So we had a really great conversation that went,
Me: "You know, the smelly cheeses. I can't think of the names."
Mom: "Cheddar?"
Me: "No."
Mom: "American?"
Me: "No."
Mom: "Those are the only two I know. What about cheddar?"
Me: "Come off it. Pick out something smelly, okay?"
Mom: "American?"
Ad nauseum.
338: If God loved you you'd be suffering right now. The fact that you're not suffering, white people, is a sign that God doesn't love you. Too bad for you.
And Budweiser Boy rears his red head. It's like the mere mention of Busweiser summons him.
If I were reading Zizek, the lie in the claim "I am going to go back to work any second now" would be too obvious.
369: My understanding is that `american cheese' used to be a mix of (american, not UK) cheddar and colby, but over time morphed into processed versions. But now `american cheese' is pretty much associated with `processed cheese', afaics.
I make grilled cheese only with cheese processed by civet cat.
As slang, yes, but legally American cheese has to be mostly cheese. American cheese spread and cheese food have laxer standards of how much cheese the(Velveeta is a cheese food, I think). The packages are always carefully labelled appropriately. On a cold sandwich I like the taste of the actual cheese variant better.
"American cheddar" is presumably one of those things like "Cambodian bourbon" - ie, more a sad reflection of past failures to protect a geographical appellation than anything else.
On a cold sandwich I like the taste of the actual cheese variant better.
Is there somewhere you prefer the non-cheese variant? I don't really like any of the heavily processed cheese stuff (including the spreads etc.) so I'm just curious.
I like it when they have to call the chocolate milk esque substance "Chocolate drink!" because technically, it contains no recognizable substances.

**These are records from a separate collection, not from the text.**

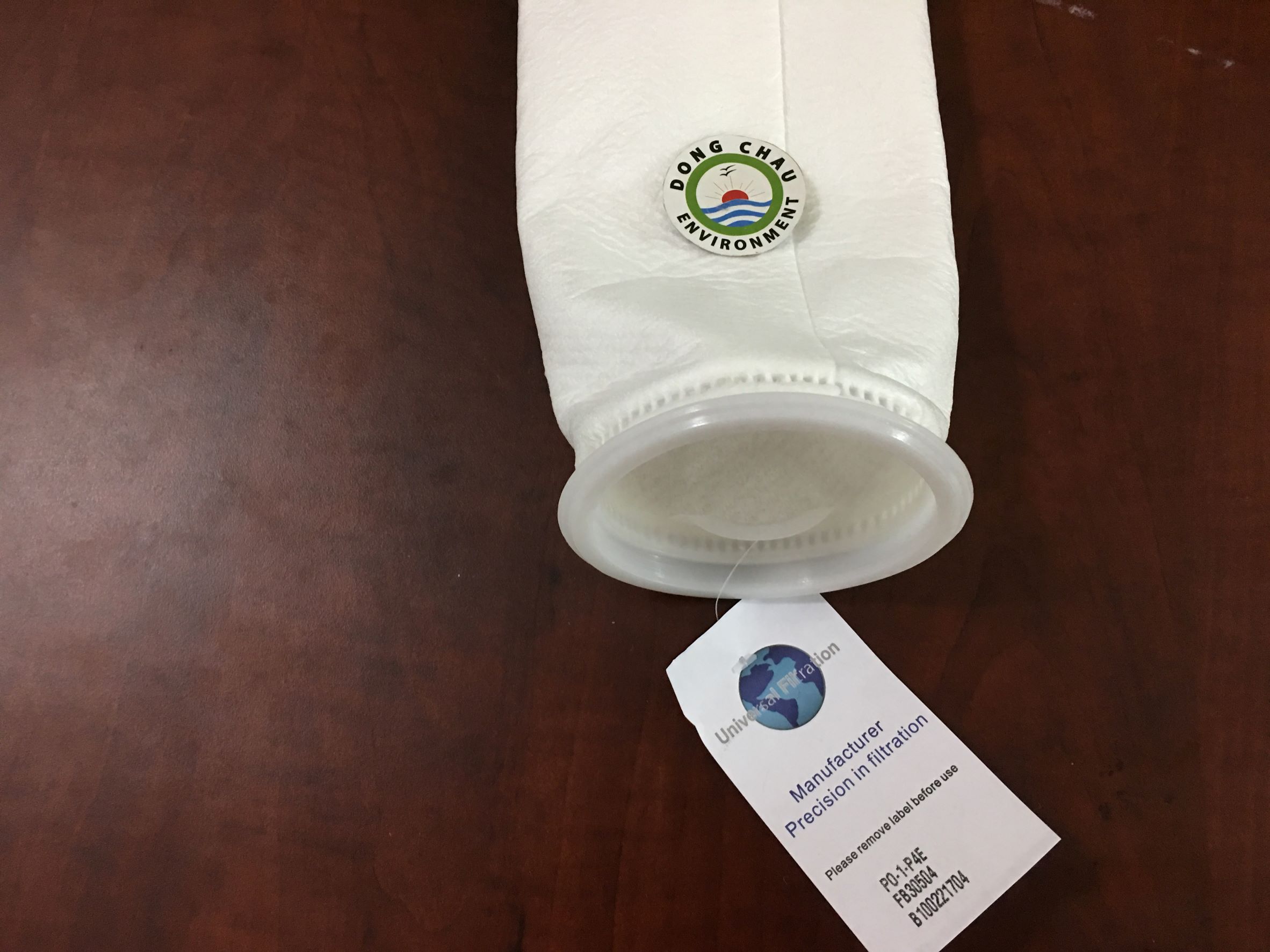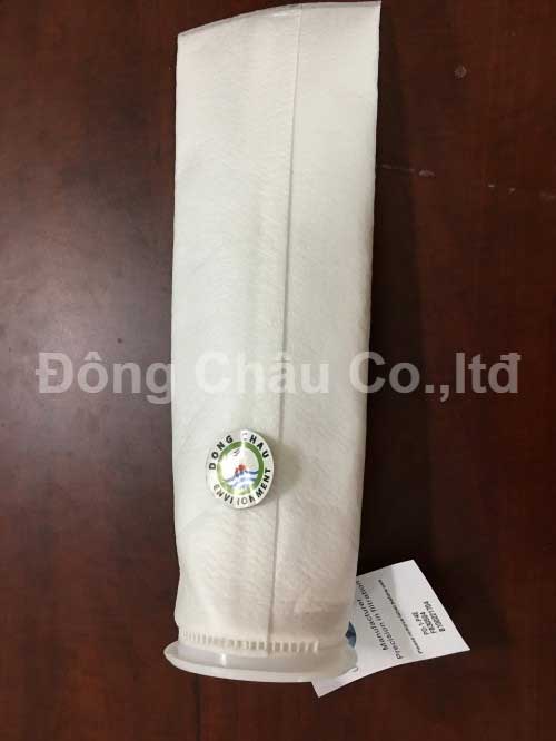 Túi lọc PP hình trụ tròn dài làm bằng Polypropylen, với miệng nhựa nối với túi bằng quá trình ép nhiệt.
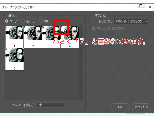 PSDファイルにAIを読み込むため、「スマートオブジェクトとして開く」という画面が開きます。その左から4番目にある小さく7と書かれた画面を選択し、OKを押して下さい。
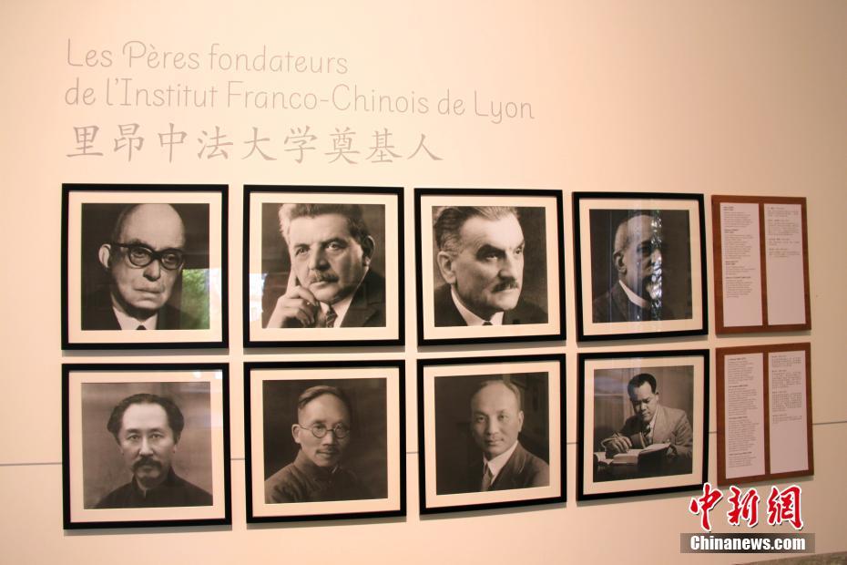 中国国家主席习近平即将对法国展开国事访问。习主席此访正值中法建交55周年和中国留法勤工俭学运动100周年。中新社记者为此专门走访里昂中法大学旧址,探寻在那里诠释中法深厚友谊的动人故事。图为里昂中法大学历史博物馆中展示学校的中法双方奠基人李石曾、蔡元培、埃杜瓦·埃里奥、莫里斯·古恒等人的照片。 中新社记者 李洋 摄
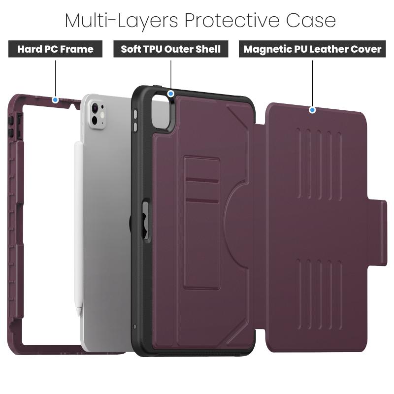 1. Durable Material: Magnetic case made of high quality PC + TPU and premium textured faux leather material, slim and lightweight design with excellent craftsmanship and feel. Prevents the tablet from scratching and bumping, fingerprints and dust. Also easy to clean.
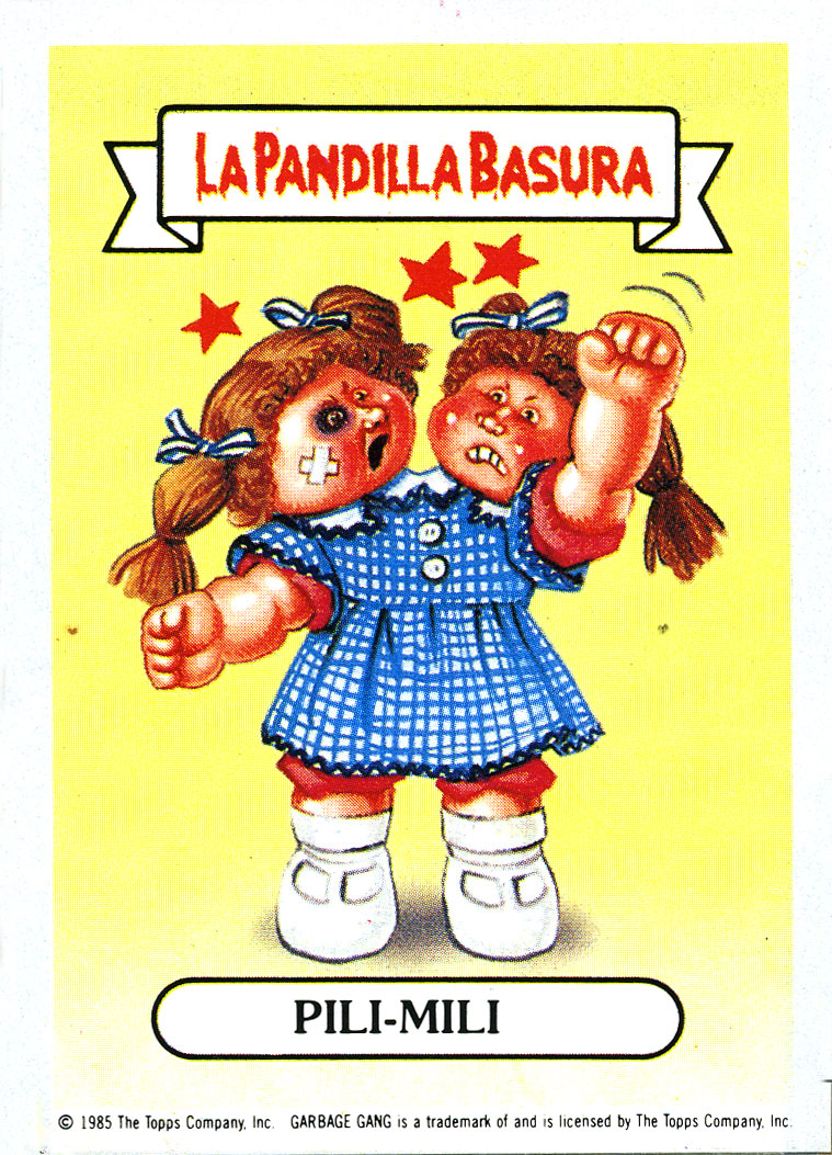 "La pandilla basura", cuyo nombre en inglés es “Garbage Pail Kids”, es una parodia de las muñecas repollo “Cabbage Patch Kids”, —las famosas muñecas Repollo creadas por Xavier Roberts, de las que se vendieron 100 millones—. Estos cromos fueron lanzados en EEUU en 1985. (Ver vídeo del anuncio de las muñecas Repollo)
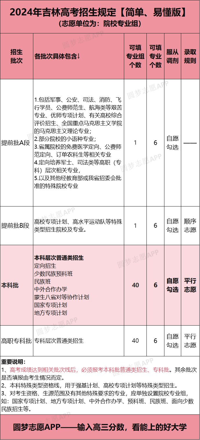 2024年吉林省各批次志愿填报数量如下图。(2024年与2025年志愿设置相差不大)
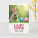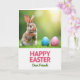 This design shows a small bunny 🐰 sitting upright in thick green grass near the top of a tall, vertical layout, lit by gentle spring sunlight from the upper right. Its mottled brown-and-white fur looks soft and detailed, and its dark eyes seem to linger with a tender, friendly curiosity. The bunny’s front paws are held together as if waiting politely, adding a quiet, affectionate mood to the scene. To the bunny’s right, two decorated eggs rest in the grass—one bright blue and one pale pink—each covered with tiny flower shapes and scattered dots in several colors 🌷. Behind them, the background fades into a smooth blur of fresh greens, like a meadow stretching out of focus. Along the bottom, a wide white band holds the greeting text centered, with the main words in pink and accent words in green, using flowing letterforms. The blue egg sits slightly closer to the bunny than the pink egg, and both are partly tucked into the grass tips.
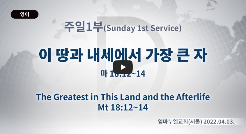 2023년 1월 6일 (금) 분류 주일예배 설교- 주일1부 제목 이 땅과 내세에서 가장 큰 자 성경 마태복음 18:12-14 일시/장소 2022년 4월 3일, 임마누엘교회(서울) 설교 류광수 목사 (녹취정리: 차동호 목사)
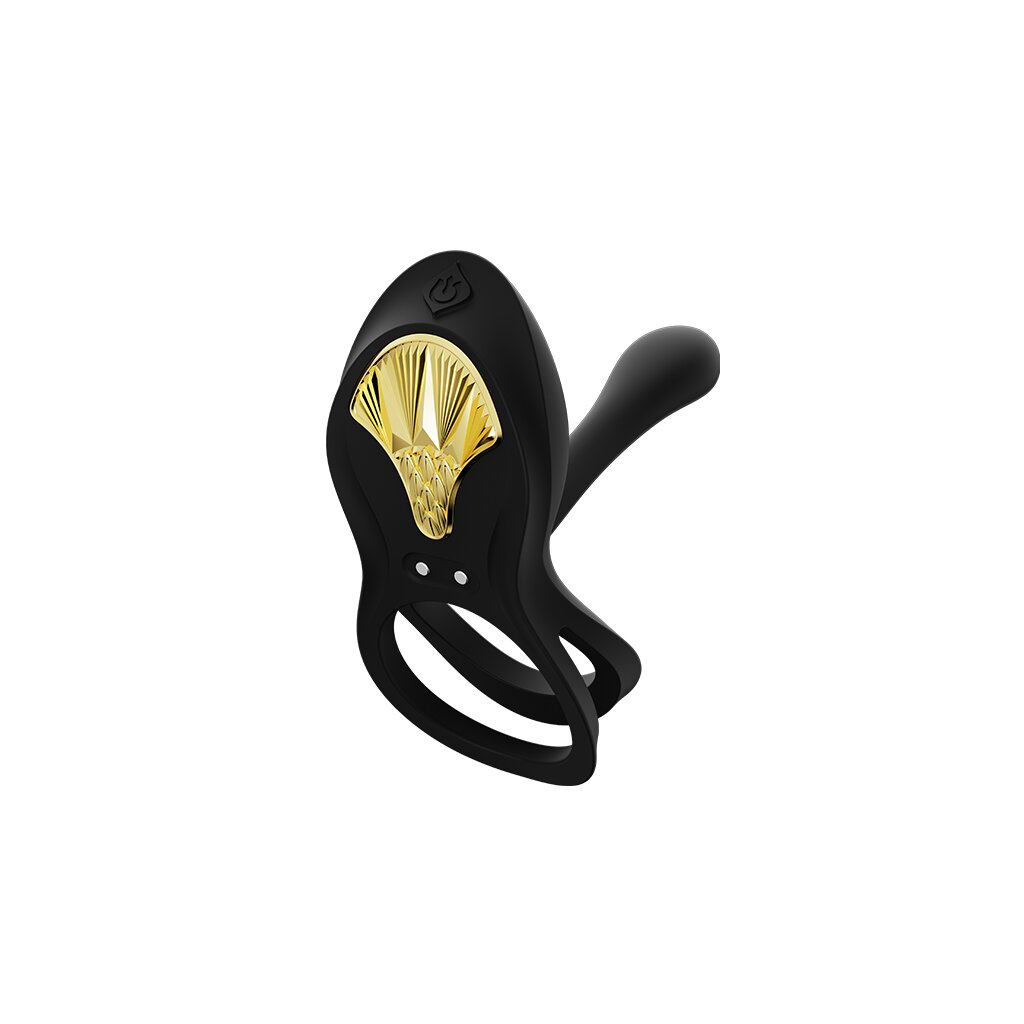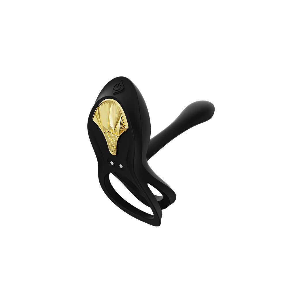 BAYEK is designed to elevate couples’ sexual experiences to epic proportions that are worthy of the gods of ancient Egypt. Sleek, soft silicone covers this ergonomic shape that comfortably fits between two bodies to enhance penetration from the inside and out. Featuring 8 powerful modes of vibration to stimulate the clit as well as the G-Spot, BAYEK features a built-in motor in its extending arm that comfortably fits over the shaft to provide deep internal massage. BAYEK also features dual rings that stretch around the scrotum and base of the penis to enhance erection. It can also be worn around the fingers to enhance stimulation by hand. A beautiful, gleaming golden shield-shaped embellishment adorns the exterior of the device for a boost of style.

378: While that's true to some degree, I also seem to recall that american style cheddars started off as an effort to reproduce the original, village-of-Cheddar style cheese. There has been significant divergence.
I don't prefer the non-cheese variants anywhere. I'm speculating that on a grilled cheese sandwich it wouldn't taste any better. I base this on my years of experience of eating cheesesteaks with Cheez Whiz on them.
re: 380
The French tend to be quite good at protecting their appellations. But brie is one that seems to have gotten away. There's English Brie, too.
380: Do you mean that in the sense of Brie, made in the US. Or is it a really different cheese? The former is some variant of the Champagne/sparkling wine divide without the appelation protection, as d2 notes
385: It's the same cheese. I'm sure an expert can tell the difference.
Ok, only checking because I might have missed something. I've only seen it marketed as Brie (made in X), and sometimes `French Brie' called out specifically, that I recall.
American (or Canadian, for that matter) Bries are similar enough I'd call them the same cheese made in different places. American and UK cheddars, not so much.
Come to think of it, I can't think of when I've had UK cheddar. I've had cheap lousy American cheddar, and nice expensive American cheddar. But not imported from the UK that I can recall. It's a soft, spreadable goat cheese, right?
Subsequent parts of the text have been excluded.